# Short Term Capital Gain



## cuerna1 (Mar 7, 2015)

We have an account in which we purchase government bonds directly from the government. There is a mutual fund like device where the money sits while waiting for investment. In 2014 we earned 85.64 USD in short term capital gains. There is really no basis. In / on which box / line of the schedule D can I place this amount ? Is there a form I can dummy up which can then pull the amount onto the Schedule D ? That is what I did for the 1099-INTs to represent the interest from our foreign accounts. THanks.


----------



## BBCWatcher (Dec 28, 2012)

cuerna1 said:


> There is really no basis.


Oh, there is. Otherwise nobody could tell you what the gain is. Go back into your financial statements for that account if necessary to determine how that $85.64 was calculated. There's only one way, really: sales price minus purchase price (taking into account commissions if applicable). So if you know $85.64 and the sales price but don't know the purchase price, you can easily calculate the purchase price (cost basis). As long as you've got any two out of three you can solve for the third.

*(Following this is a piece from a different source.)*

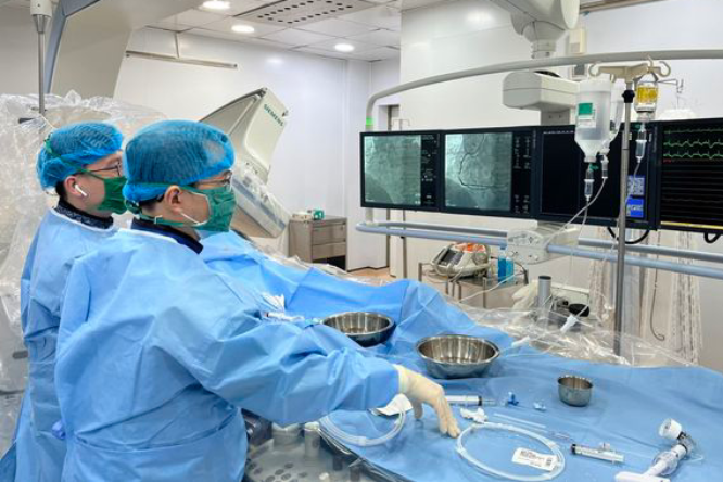 Được sự đồng ý của Ban giám đốc, kíp can thiệp đã giải thích cho người nhà qua điện thoại (gia đình bệnh nhân đồng ý tiến hành thủ thuật can thiệp mạch vành cho bệnh nhân) và bước đầu bỏ qua công tác ký quỹ cho bệnh nhân và ngay lập tức tiến hành thủ thuật cho bệnh nhân.
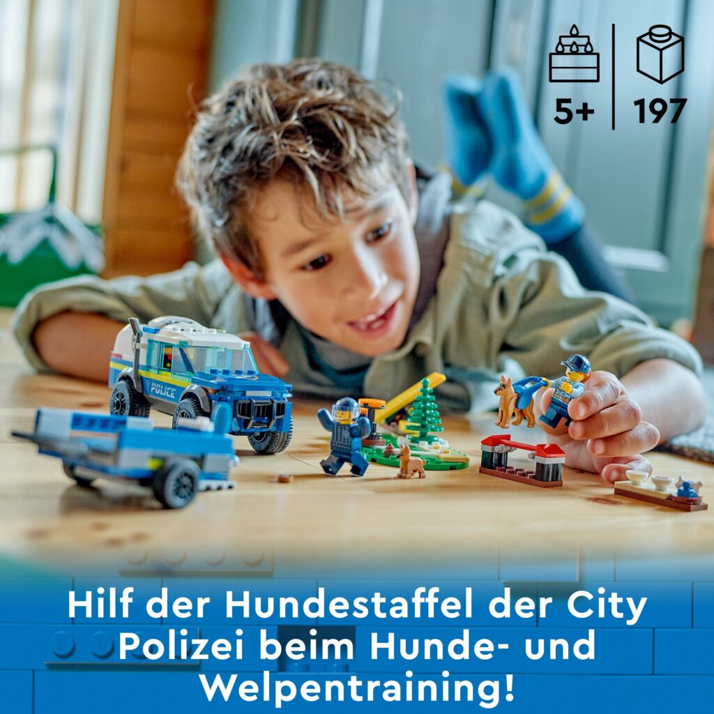 Wuff, wuff! Hilf der Hundestaffel der LEGO® City Polizei beim Hunde- und Welpentraining. Lade die Ausrüstung auf den Anhänger. Und vergiss bloß nicht die Fressnäpfe! Hilf dem Polizeihund und dem Welpen ins SUV der Hundestaffel und fahr zum Trainingsplatz. Bau dann gleich die Wippe, das Sprunghindernis und die Trittpfoten auf und bereite alles für einen spannenden Trainingstag vor.

But your description suggests you received interest rather than a short-term gain. Are you sure it's a short-term gain? A short-term gain means you bought something (a bond in this case) and sold that same thing (or part of that same thing) within one year, and there was a gain between the purchase and sale. Interest is something a financial institution pays on a balance, for example. Your description suggests the latter.

If it is indeed a short-term gain, you also need IRS Form 8949. In Part I on Form 8949, check the "C" box ("Short-term transactions not reported to you on Form 1099-B") since foreign accounts don't generate 1099-B forms, then proceed from there. You'll then carry what you report on Form 8949 onto Schedule D. (Schedule D refers to IRS Form 8949, as a matter of fact.)


----------



## cuerna1 (Mar 7, 2015)

BBCWatcher said:


> If it is indeed a short-term gain, you also need IRS Form 8949. In Part I on Form 8949, check the "C" box ("Short-term transactions not reported to you on Form 1099-B") since foreign accounts don't generate 1099-B forms, then proceed from there. You'll then carry what you report on Form 8949 onto Schedule D. (Schedule D refers to IRS Form 8949, as a matter of fact.)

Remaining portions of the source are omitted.